Обязан жить. Волчья яма Повести - Силаев Борис Дмитриевич (бесплатная регистрация книга TXT) 📗
— Потому ты и не мог его убить просто так, — согласилась Маня и, отвернувшись, закрыла ладонями лицо. — Значит кто то другой это сделал. И ты знаешь, но молчишь. Нас не жале ешь…
Он прижал ее к себе, губами стер со щек слезинки, прошептал:
— Все будет хорошо… Хорошо будет… Скоро начнется суд, а там люди понимающие…
— Суд?! — в ужасе раскрыла она глаза. — Господи, кем?! Тебя судить?!

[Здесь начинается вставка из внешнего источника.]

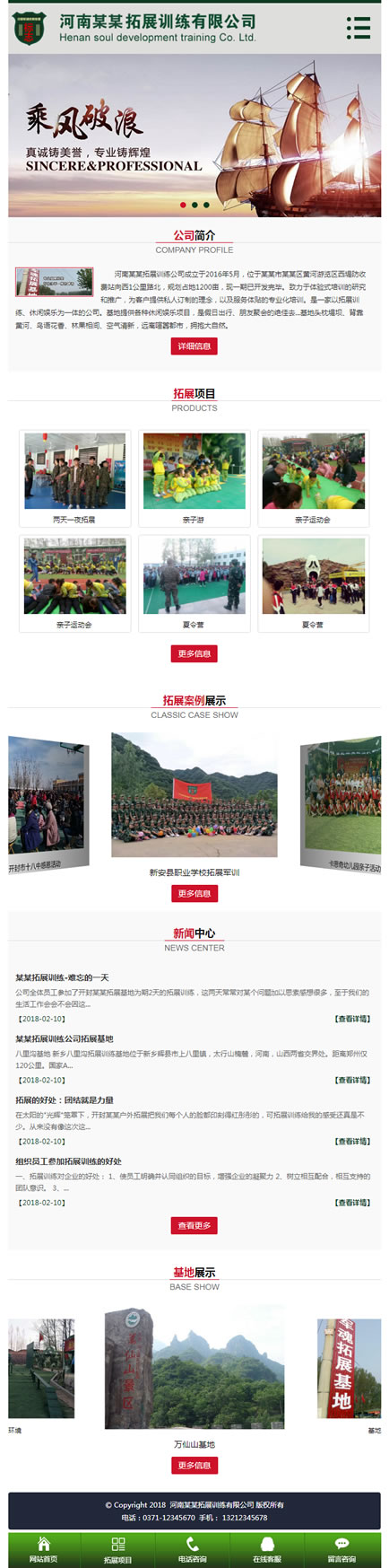 模板程序独家销售,纯手工制作网站代码本网站源码以绿色为主,搭配红色,通用企业源码,适合拓展培训、企业管理、企业培训,户外培训,野外拓展培训等相关培训企业机构网站制作。
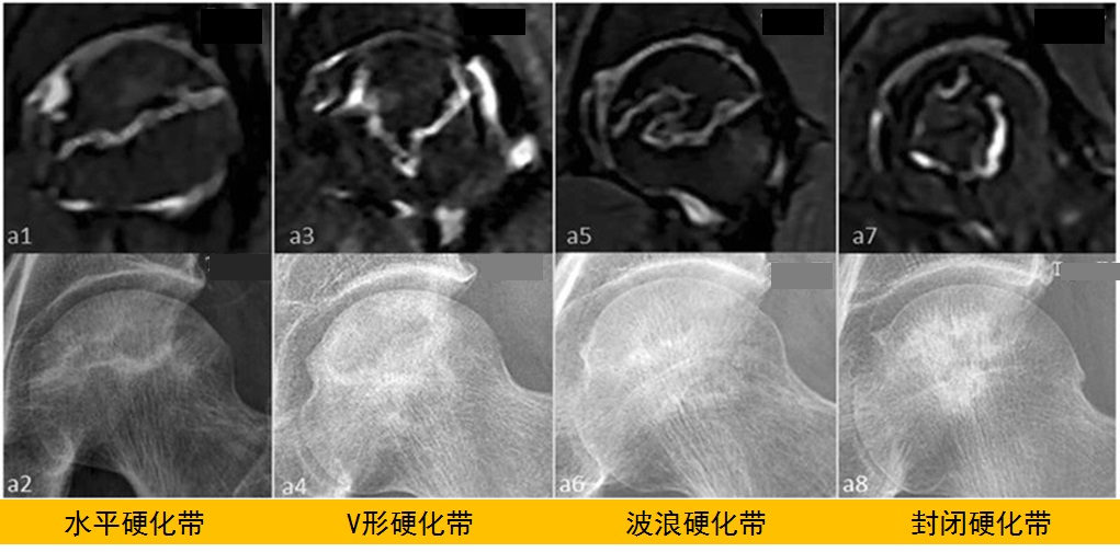 6. 硬化带形态与股骨头塌陷也有密切关系,磁共振上硬化带与软骨下骨板越接近甚至相连,股骨头不容易塌陷。如果硬化带呈环状闭合,2年内塌陷率几乎为零,硬化带呈波浪形或者V型,可适当减少塌陷的风险,硬化带为水平状,则坏死区在硬化带与股骨头球面之间,应力更为集中,更容易塌陷。
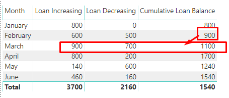 Example: For the month of March, the Cumulative Loan Balance should be like,
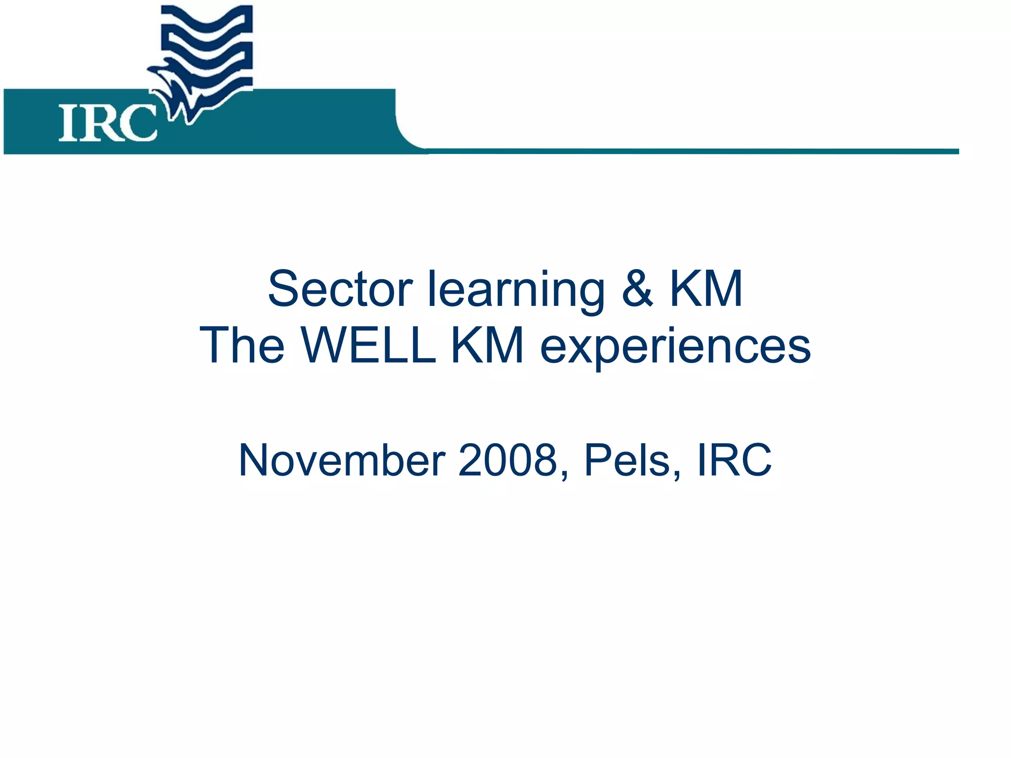 The document discusses knowledge management (KM) workshops conducted by WELL with three organizations - SEUF, AMREF, and IWSD. It summarizes the key outcomes of the workshops:
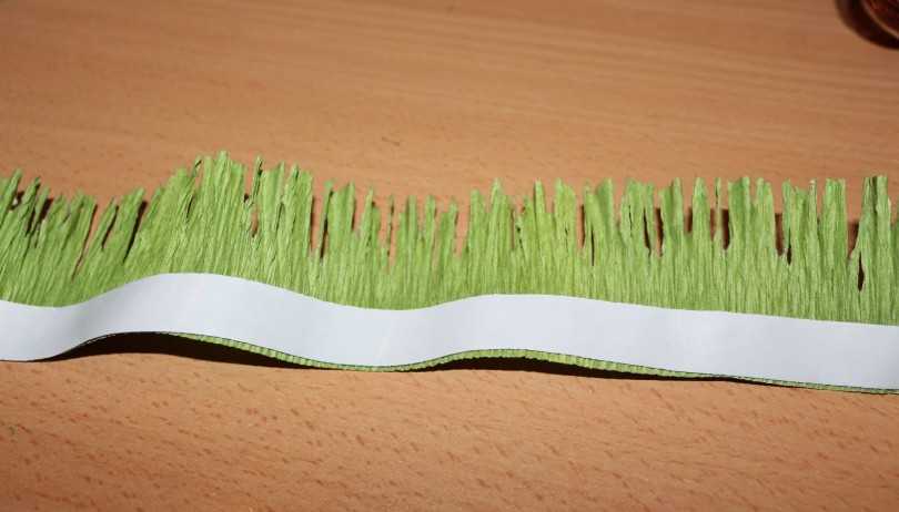 3. Из гофрированной бумаги нарежьте полоски шириной 5 см. А затем прошейте их ниткой по всей длине так, как показано на картинке ниже.
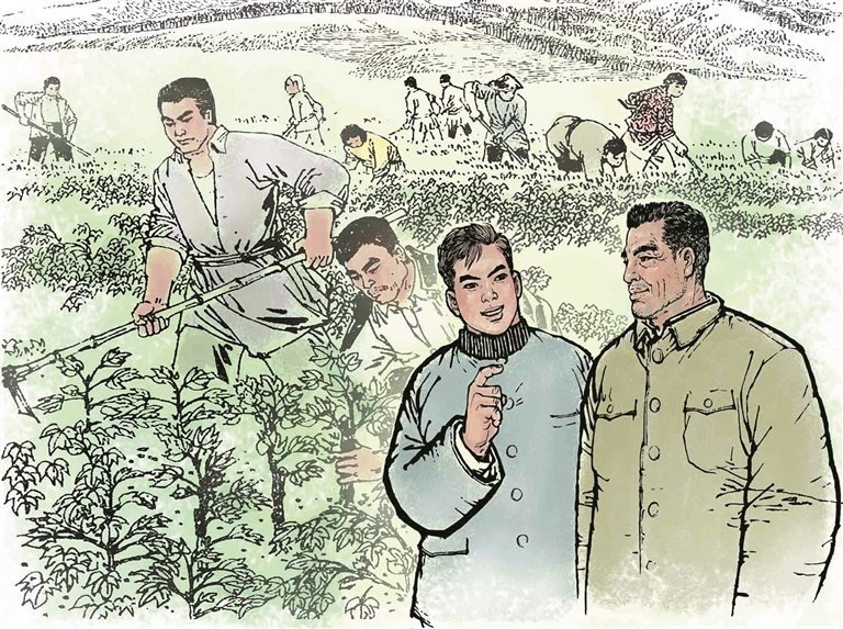 4.抗美援朝战争结束后,贾书钦回到了家乡。1956年3月,王恩茂将军来到许昌,招募老兵保卫建设边疆。“当时有人觉得新疆条件艰苦,不愿意去,但是我愿意去新疆,到祖国最需要的地方作贡献。”怀着这样的壮志雄心,贾书钦来到了农一师(现一师)。

— Ну, это простая формальность, нельзя же меня выпустить — распахнуть ворота, иди на все четыре стороны. Нужно обоснование.
Но она уже ничего не слышала, страшное слово потрясло ее. Она намертво вцепилась пальцами в раскрытый ворот гимнастерки Тихона, словно именно сейчас должны были войти люди с винтовками, чтобы увести его. Надолго… Может быть, навсегда… И где та справедливость, о которой так много везде говорят? Где? Если ужасающее слово уже произнесено, оно нависло над ее судьбой, над ними.
— Тиша, Тиша, — выдохнула она одними губами, — о ком ты думаешь? спасаться надо… Тиша…
И в эту ночь Глоба не мог заснуть — тишина стояла такая, что даже в эту каменную клеть долетали со станции далекие паровозные гудки, словно клич улетающих журавлей. Там, в темноте, уже начинали таять снега — теплый ветер незримым крылом касался сугробов на полях, разъезженные дороги покрывались стеклянным льдом, на карнизах городских домов витые рога сосулек обрастали инеем, чтобы с первыми лучами солнца налиться теплым светом — в марте начнется капель.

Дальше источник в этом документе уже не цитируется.